Нет, не могу передать ее величие, размах личности, непринужденность, хорошее воспитание и характер. Она, как ни странно, гораздо более искусна как хозяйка, чем как гостья; не слишком много болтает; проницательна и проворна; обладает восхитительной легкостью собирать, вызывать из небытия таких людей, как леди Бальфур[1124] и миссис Литтелтон[1125], своих соседок. Они сидели на диване, пока я, потягивая шампанское, быстро и яростно беседовала с Морисом Б., который покраснел как рак, трясся и лепетал о своих книгах. «Мне помогали пять человек, которые, правда, все уже умерли». У него есть свои сожаления – не знаю какие; рискну предположить, что он был дамским угодником.

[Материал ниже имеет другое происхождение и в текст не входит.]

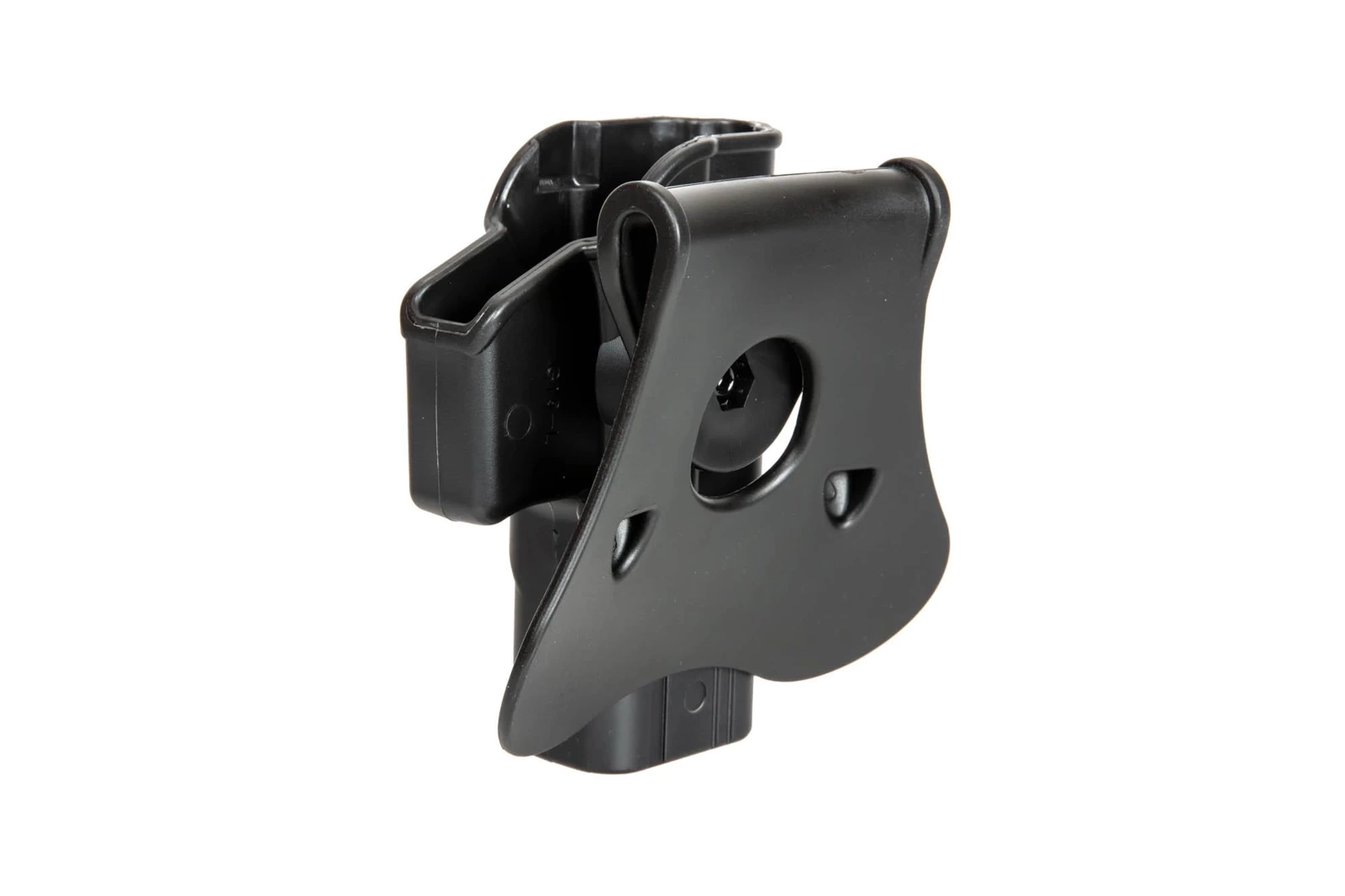 A pistol holster made of durable polymer by Amomax for replicas. It features an intuitive lock, released with an index finger when reaching for a gun.

Вулфы отправились в Родмелл на летние каникулы 21 июля.
21 июля, понедельник.
Снова ездила в Уокинг во вторник (пишу, пока жду Виту в этот очень холодный сырой день. Она собирается отвезти нас на поиски гардероба. Я подумываю купить позолоченный шкаф. На улице не так уж сыро, а я довольно расстроена из-за того, что объединяю две статьи в одну и все такое[1126]. А еще я не ужинаю дома…)
23 июля, среда.
Эдит Ситуэлл сильно располнела, густо пудрится, красит ногти серебристым лаком, носит тюрбан и похожа на слона из слоновой кости, на императора Гелиогабала[1127]. Я никогда не видела столь радикальных перемен. Она зрелая и величественная. Монументальная. Ее пальцы словно древние белые кораллы. Она совершенно невозмутима. Там было очень много людей – Эдит председательствовала[1128]. Но, несмотря на внешнее спокойствие, в глазах ее читалась насмешка, и она постоянно окидывала гостей взглядом. Будто старая императрица вспоминала времена своего распутства. Мы все сидели у ее ног, обутых в милые черные туфельки – единственное напоминание о былой стройности и изящности. Кого она мне напомнила? Папу Римского в ночном колпаке? Нет – кого-то с императорским величием. Мы почти не разговаривали друг с другом, и я бы даже подумала, что попала туда по ошибке, если бы она очень ласково не спросила, можно ли ей прийти в гости и пообщаться со мной наедине. Ее гостиная была переполнена всякими странными личностями: некоронованный король Барселоны[1129]; партнер Джеральда[1130]; Осберт; леди Лавери[1131] и т.д. Леди Л. обсуждала авиакатастрофу[1132]. Она сказала, что le Bon Dieu[1133] забрал их всех в нужное время. Все они погибли. Когда-то и она хотела умереть… Погибли лорд Дафферин[1134], леди Эднам[1135] и др. Мы ездили с Витой в Темпл, и я купила «Standard» на входе[1136].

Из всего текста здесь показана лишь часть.